If you fail to load an mmapped page because of an I/O error, Unix-like OSes interrupt your program with SIGBUS/SIGSEGV. It might be technically possible to write a program that would handle those signals and recover, but it seems like a lot more work and complexity than just checking errno after a read system call.
* You want your program to crash on any I/O error because you wouldn't handle them anyway
* You value the programming convenience of being able to treat a file on disk as if the entire thing exists in memory
* The performance is good enough for your use. As the article showed, sequential scan performance is as good as direct I/O until the page cache fills up *from a single SSD*, and random access performance is as good as direct I/O until the page cache fills up *if you use MADV_RANDOM*. If your data doesn't fit in memory, or is across multiple storage devices, or you don't correctly advise the OS about your access patterns, mmap will probably be much slower
To be clear, normal I/O still benefits from the OS's shared page cache, where files that other processes have loaded will probably still be in memory, avoiding waiting on the storage device. But each normal I/O process incurs the space and time cost of a copy into its private memory, unlike mmap.
One reason to use shared memory mmap is to ensure that even if your process crashes, the memory stays intact. Another is to communicate between different processes.
it allows the program to reference memory without having to manage it in the heap space. it would make the program faster in a memory managed language, otherwise it would reduce the memory footprint consumed by the program.

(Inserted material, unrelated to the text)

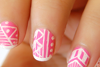 Esta vez he recreado una manicura tribal con colores de verano. También se le conoce al estampado como maya o azteca (yo ni idea) y se ha visto mucho durante las últimas temporadas. Collares y faldas es lo que abunda, pero también he visto bolsos (me enamoré de uno de Blanco) y uñas, ¡muchas uñas!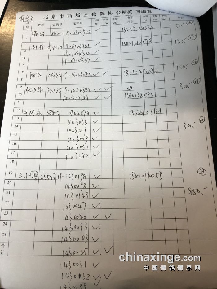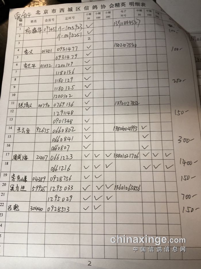 西城第八届“跨双年度最佳鸽舍、最佳鸽手”秋季积分光荣榜排名

I don't fully understand the under the hood mechanics of mmap, but I can sense that you're trying to convey that mmap shouldn't be used a blanket optimization technique as there are tradeoffs in terms of page fault overheads (being at the mercy of OS page cache mechanics)
Tradeoffs such as "if an I/O error occurs, the program immediately segfaults." Also, I doubt you're I/O bound to the point where mmap noticeably better than read, but I guess it's fine for an experiment.

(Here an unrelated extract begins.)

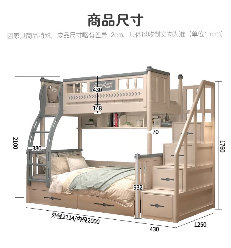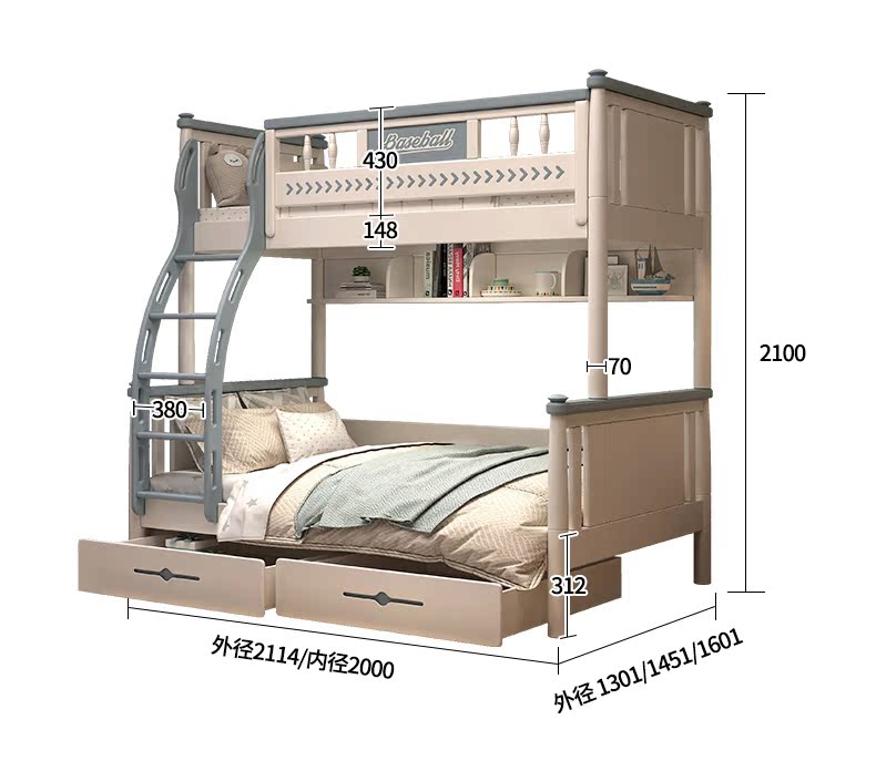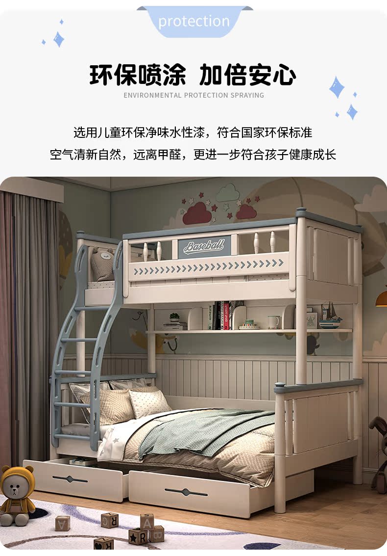 Детская зеркальная кровать из цельного дерева с цветными ограждениями детская

An I/O error on a mmapped file causes a SIGBUS, which the program can catch and report.
And I/O bound programs are I/O bound whereas programs that aren't, aren't, so it really isn't meaningful to talk about whether "you" are I/O bound to the point that it's significant--maybe you are, maybe you aren't. I agree about experimentation.
I think he's conveying that he doesn't know what he's talking about. buf[i] generates the same code regardless of whether mmap is being used. The first access to a page will cause a trap that loads the page into memory, but this is also true if the memory is read into.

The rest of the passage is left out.